The Kafka connector can seamlessly integrate with Kafka Connect, which allows StarRocks better integrated with the Kafka ecosystem. It is a wise choice if you want to load real-time data into StarRocks. Compared with Routine Load, it is recommended to use the Kafka connector in the following scenarios:
- The format of source data is, for example, Protobuf, not JSON, CSV, or Avro.
- Customize data transformation, such as Debezium-formatted CDC data.
- Load data from multiple Kafka topics.
- Load data from Confluent cloud.
- Need finer control over load batch sizes, parallelism, and other parameters to achieve a balance between load speed and resource utilization.
Preparations
Set up Kafka environment
Both self-managed Apache Kafka clusters and Confluent cloud are supported.

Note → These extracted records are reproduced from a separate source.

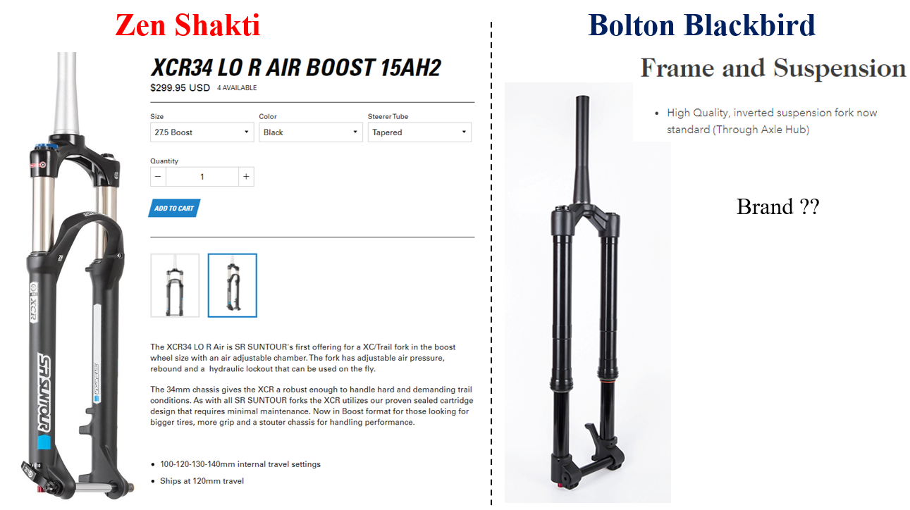 I could not find the name of the suspension on the Bolton bike. We are using XCR 34 suspension with an adjustable AIR chamber and Boost hub.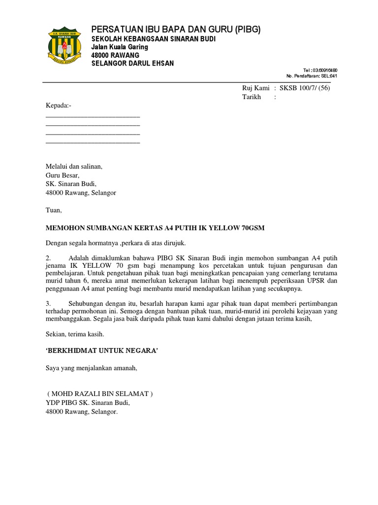 Skbbsp1 Surat Memohon Sumbangan Kertas A4 Facebook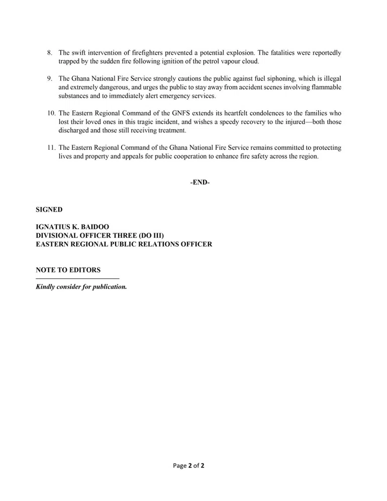 The GNFS emphasised that the swift intervention of firefighters prevented what could have been a far more catastrophic explosion. The Service strongly warned against illegal fuel siphoning, describing it as both unlawful and extremely dangerous.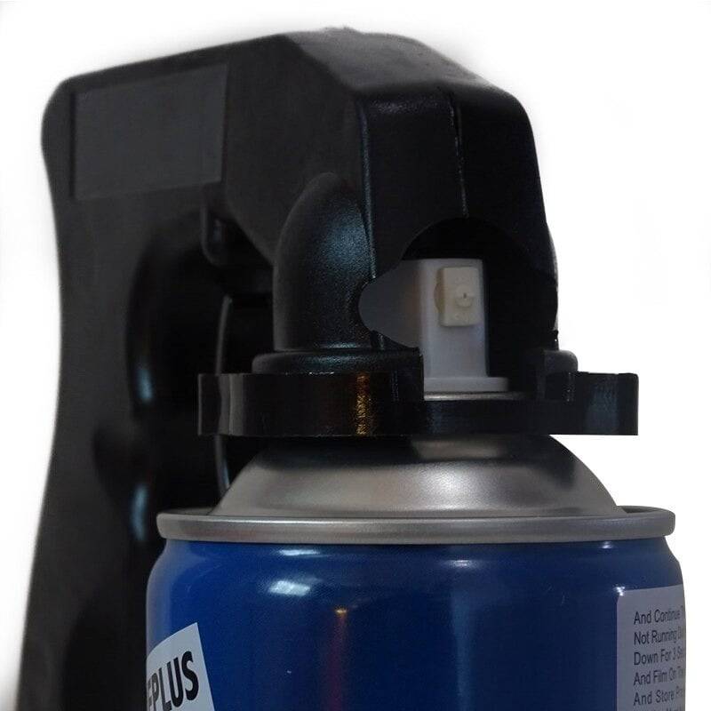 5. Controleer: Zorg ervoor dat de spuitbus recht onder het opzetstuk hangt en stevig vastzit.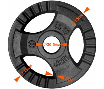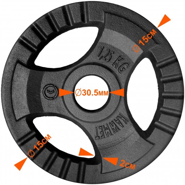 Головна > Залізо > Диски > Чорт (диск) 1,25 кг для гантелей (стрижнів) з потрійним зчепленням Ø30 мм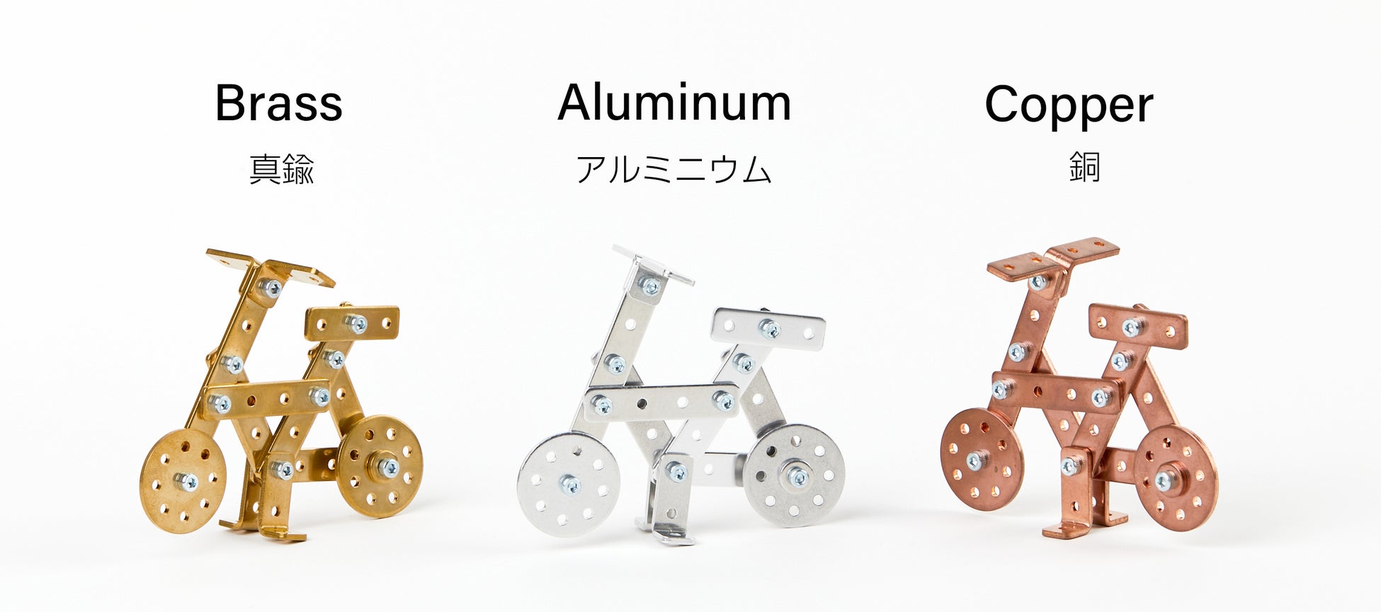 大人も楽しめるザオーブロックとして、プレミアムバージョンが新登場。これまで定番だったアルミ素材に加え、真鍮と銅素材が仲間入り。金属そのものの素材感や、質感の違いを楽しめ、大人の遊び心をくすぐるラインナップ。シンプルで上質なギフトボックス入りで、こだわりのある方へのひと味違った贈り物としても最適です。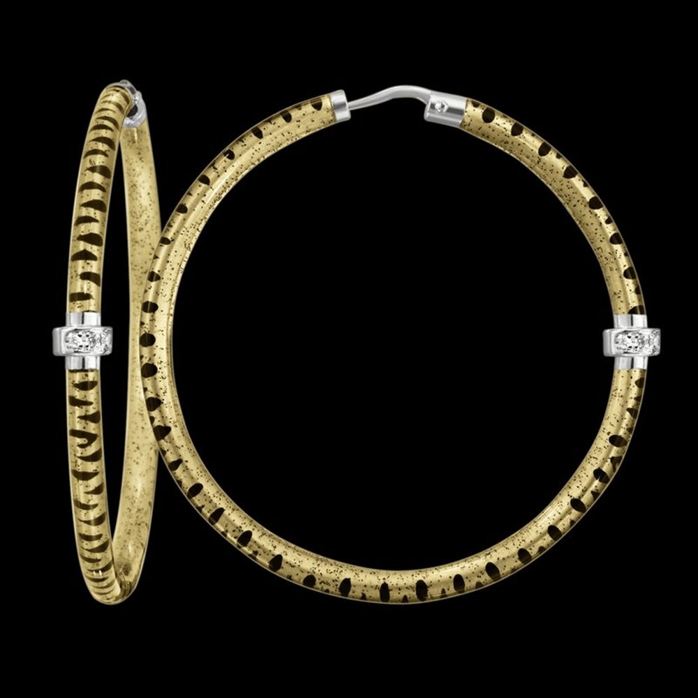 Please inquire with gallery for more information. | Sterling Silver and Italian enamel hoop earrings with silver pigment in tiger stripe pattern and .14 ct. tw. of diamonds.

- For a self-managed Apache Kafka cluster, make sure that you deploy the Apache Kafka cluster and Kafka Connect cluster and create topics.

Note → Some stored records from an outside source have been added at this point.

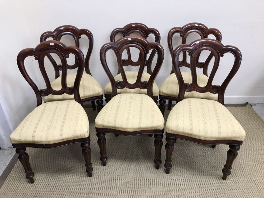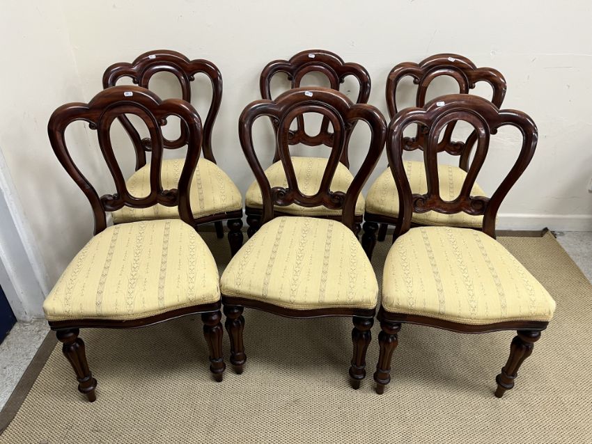 A set of six modern mahogany framed Admiral dining chairs in the Victorian manner, the shaped backs over upholstered seats, on baluster turned and reeded front legs, 48 cm wide x 89 cm high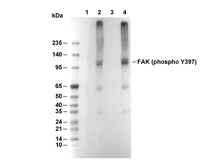 Phospho-FAK (Tyr397) Antibody [G24K11] detects endogenous levels of total FAK protein only when it is phosphorylated at Tyr397.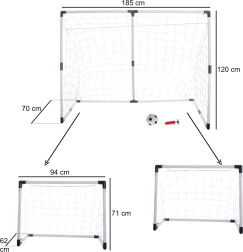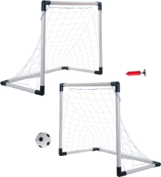 Poartă de fotbal pentru copii 2în1 este o variantă excelentă pentru a implica copiii dumneavoastră în activități sportive direct în grădina voastră. Poarta poate fi ușor asamblată în două mai mici sau una mai mare, astfel încât să se adapteze oricărui spațiu. Pachetul include și o minge și o pompă, astfel încât să puteți începe să jucați imediat.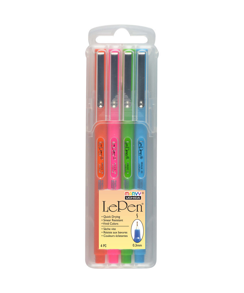 Create clean, precise lines with the Le Pen® Drawing Pens, Bright Colors, 0.3 mm Tip, Set of 4 by Marvy Uchida®. Designed for artists, students, planners, designers, and journalers, this set includes four bright colors, orange, pink, light blue, and light green, each equipped with a reliable 0.3 mm fine tip for crisp, controlled writing and detailed illustration. The water-based, pigmented ink is acid free, non-toxic, lightfast, and smudge resistant, ensuring long-lasting clarity on paper. These pens deliver smooth, consistent flow ideal for outlining, sketching, handwriting, labeling, bullet journaling, and technical drawing. Fast-drying ink prevents smearing, while the fine point maintains sharp line quality for precise work. Compact, lightweight, and easy to handle, Le Pen Drawing Pens provide dependable, professional-grade performance perfect for everyday creative and organizational tasks.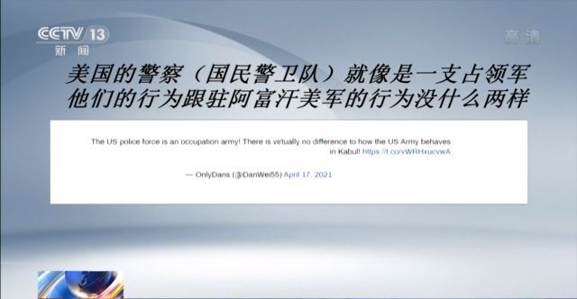 “美国的警察(国民警卫队)就像是一支占领军,他们的行为跟驻阿富汗美军的行为没什么两样”。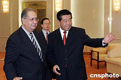 全國(guó)政協(xié)主席賈慶林,十月二十五日在北京人民大會(huì)堂會(huì)見葡萄牙議會(huì)外交與歐洲事務(wù)委員會(huì)主席雅伊梅·伽瑪率領(lǐng)的葡萄牙議會(huì)外委會(huì)代表團(tuán)。中新社記者:毛建軍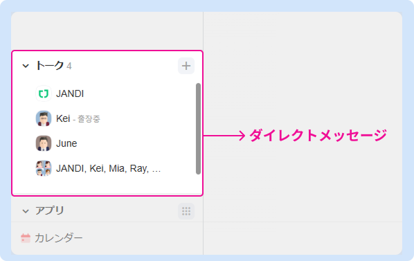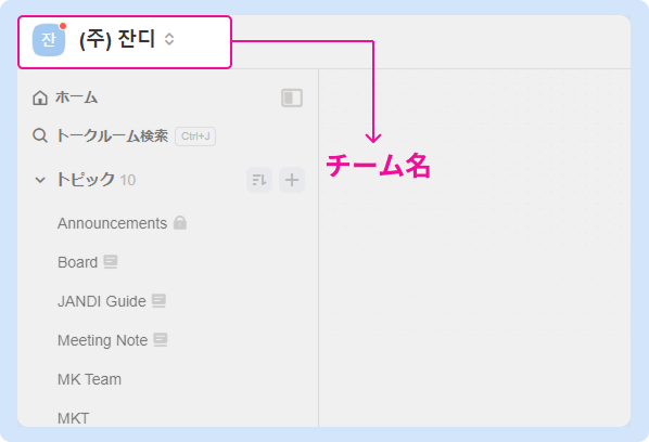 JANDIは、チームの会話と業務を一つの場所で管理できるコラボレーションツールです。初めてご利用の方は、本ガイドで基本的な画面構成をまとめて理解できます。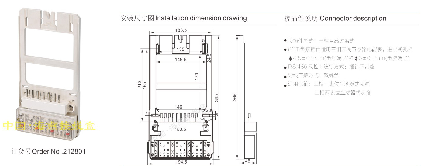 英文名称:Three mutual inductance interference type electric energy meter connector (integrated with joint junction box)

- For Confluent cloud, make sure that you have a Confluent account and create clusters and topics.
Install Kafka connector
Submit the Kafka connector into Kafka Connect:
- Self-managed Kafka cluster:
- Download and unzip starrocks-kafka-connector-1.0.0.tar.gz.
- Copy the extracted directory to the libs directory of Kafka. Restart Kafka Connect to read the latest JAR files.
- Confluent cloud:
NOTE
The Kafka connector is not currently uploaded to Confluent Hub. You need to upload the compressed file to Confluent cloud.